We had a dinner meeting to discuss this “Grower’s Alliance” umbrella of all the organizations that help feed the community, I asked what should I bring and no surprise, Mike responds with “lentil salad”. Perfect, I always have 2 or 3 packages of Timeless food products in my cabinet, so off and running I went.
I love a food challenge and I figured feeding the lentil guru his own lentils would be a challenge…mostly because I wanted to show off a little of my culinary creativity. My inspiration came from a half a bunch of cilantro that was on it’s ‘use or lose’ leg…sort of like a 2nd serving scenario! And I had Pardina lentils which are a Spanish lentil…she how this is coming together.
And then I remembered this amazing dressing that I used in the cafe for my Southwestern chopped salad and my Southwestern pasta salad.

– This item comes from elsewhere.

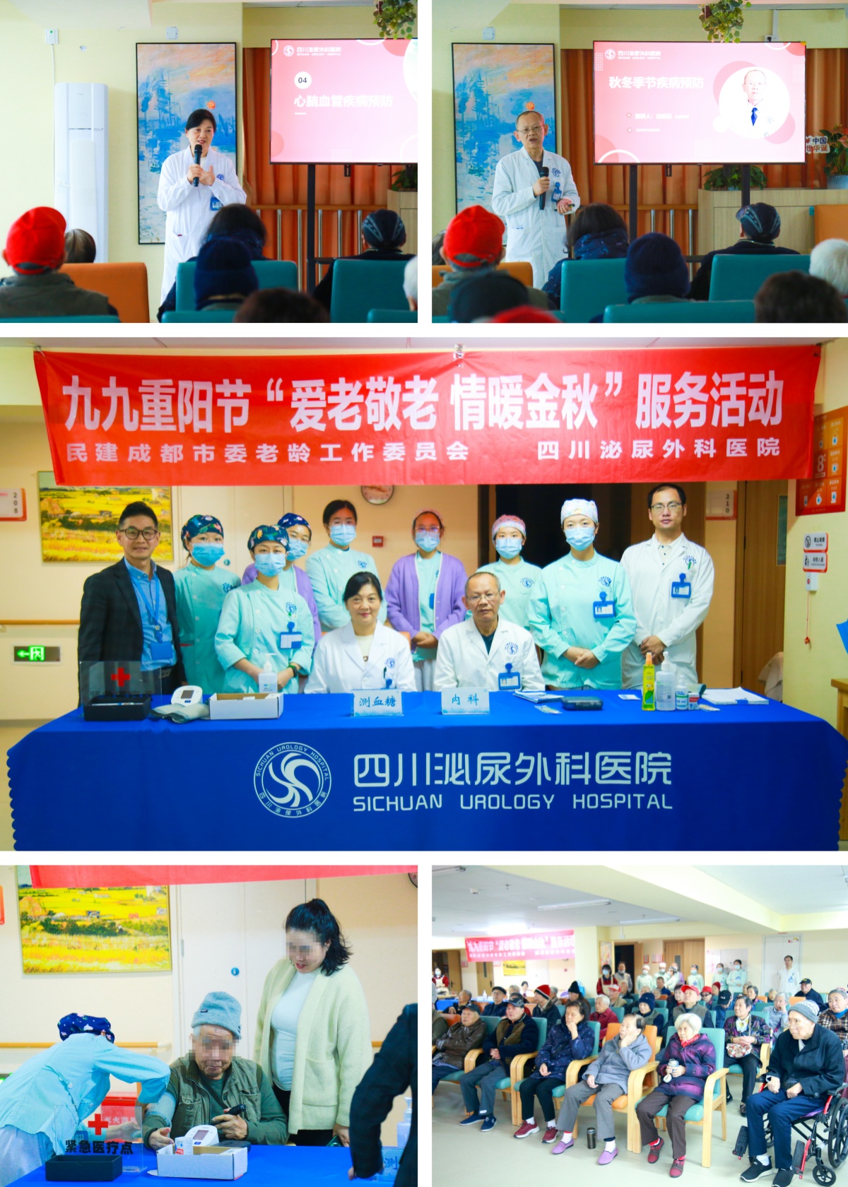 金秋送爽,丹桂飘香。在一年一度的重阳节来临之际,为弘扬中华民族尊老、敬老、爱老的传统美德,切实关爱老年群体健康,四川泌尿外科医院组织医疗专家团队深入社区、养老院及高龄老人家中,开展“重阳节爱老敬老·健康送到家”系列义诊活动,将专业、贴心的健康服务送到老年人身边。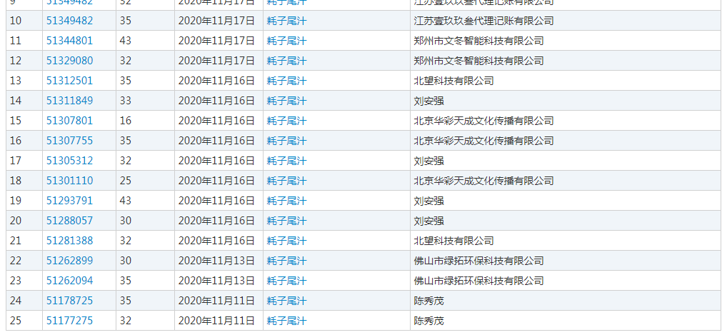 更有甚者,在大家都忙着剁手的双11,就开启了“耗子尾汁”商标抢注争夺战。据网传,有公司表示已有人打算出价15万以上购买此商标。

Yaba daba do, I was on to something good. I had some green onion but I wanted a ‘salad’ feel to my lentil salad and cucumbers were just the ticket. Cool, crisp and crunchy…like a salad!
I was over the moon with the results, this is a make again and again salad! It would be fantastic with some chicken, avocado and cojita cheese in it as well.
If any of my local peeps are interested in helping with this 2nd serving initiative or would like to volunteer to help feed our community through various programs please feel free to contact me, there is always much to do and not enough resources or time to ever get it all done…
While you think on that, go pick up some Timeless food products, in Great Falls they are sold at Pizazz and 2J’s. They are also in many grocery stores throughout the U.S. and some even globally. Then make this salad you’ll reveal in the creamy tanginess and you’ll delight in the bright acidity and the toothsome-ness of the lentils and cucumbers. For those of you who are trying to eat healthier, this salad easily subs as a meal and will leave you satisfied and happy!
- 1 pound lentils, cooked according to package directions and chilled
- 3 green onions sliced on the bias
- 1 cucumber, peeled, seeded and sliced
- 1 cup cilantro leaves
- 3 cloves garlic, rough chopped
- 1/2 cup Greek yogurt
- zest and juice of 1 lime
- 2 tablespoons red wine vinegar
- 1/4 cup olive oil
- salt and pepper to taste
- Dressing: in a blender or food processor blitz the cilantro, yogurt, garlic, lime zest and juice and red wine vinegar. Slowly drizzle olive oil in while blending.
- Salad: In a large bowl toss together lentils, green onions, cucumbers and dressing, add salt and pepper to taste. Serve cold or at room temperature.